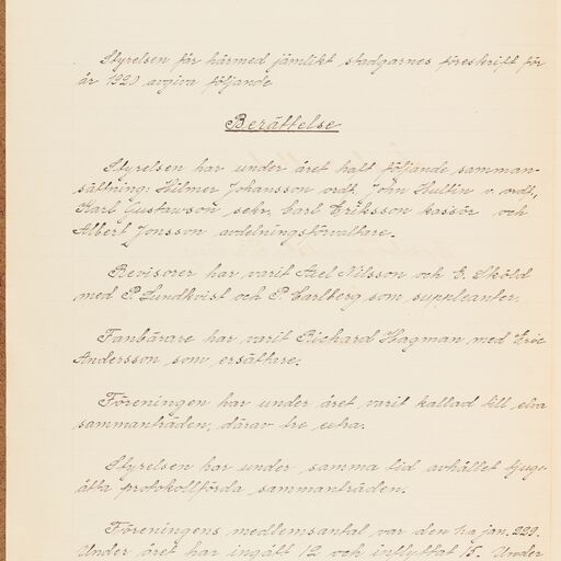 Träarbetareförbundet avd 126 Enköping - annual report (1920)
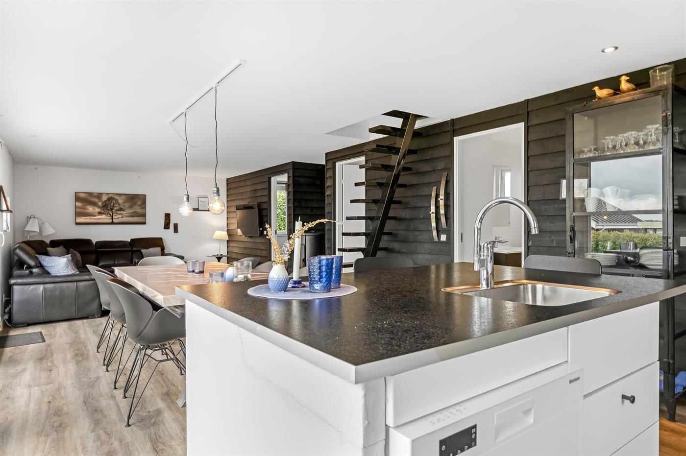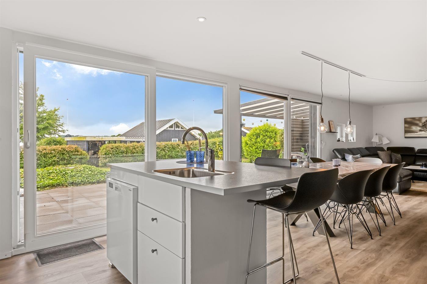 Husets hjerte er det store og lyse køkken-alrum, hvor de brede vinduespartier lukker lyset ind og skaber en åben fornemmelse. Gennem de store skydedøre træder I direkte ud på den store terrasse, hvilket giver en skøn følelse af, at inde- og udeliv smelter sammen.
==
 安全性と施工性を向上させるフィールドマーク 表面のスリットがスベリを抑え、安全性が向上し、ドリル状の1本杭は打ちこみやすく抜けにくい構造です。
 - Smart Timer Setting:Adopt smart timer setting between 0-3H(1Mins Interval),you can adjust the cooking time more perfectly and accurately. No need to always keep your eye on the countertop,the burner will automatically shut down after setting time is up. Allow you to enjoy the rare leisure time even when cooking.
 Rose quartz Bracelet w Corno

YOUR ASSIGNMENT — Taking the entries above, write out exactly the lines starting with the line containing "- Smart Timer" and going on through the line containing "Rose quartz Bracelet w Corno", both included, and nothing else.

RESULT OF THE EXERCISE —
 - Smart Timer Setting:Adopt smart timer setting between 0-3H(1Mins Interval),you can adjust the cooking time more perfectly and accurately. No need to always keep your eye on the countertop,the burner will automatically shut down after setting time is up. Allow you to enjoy the rare leisure time even when cooking.
 Rose quartz Bracelet w Corno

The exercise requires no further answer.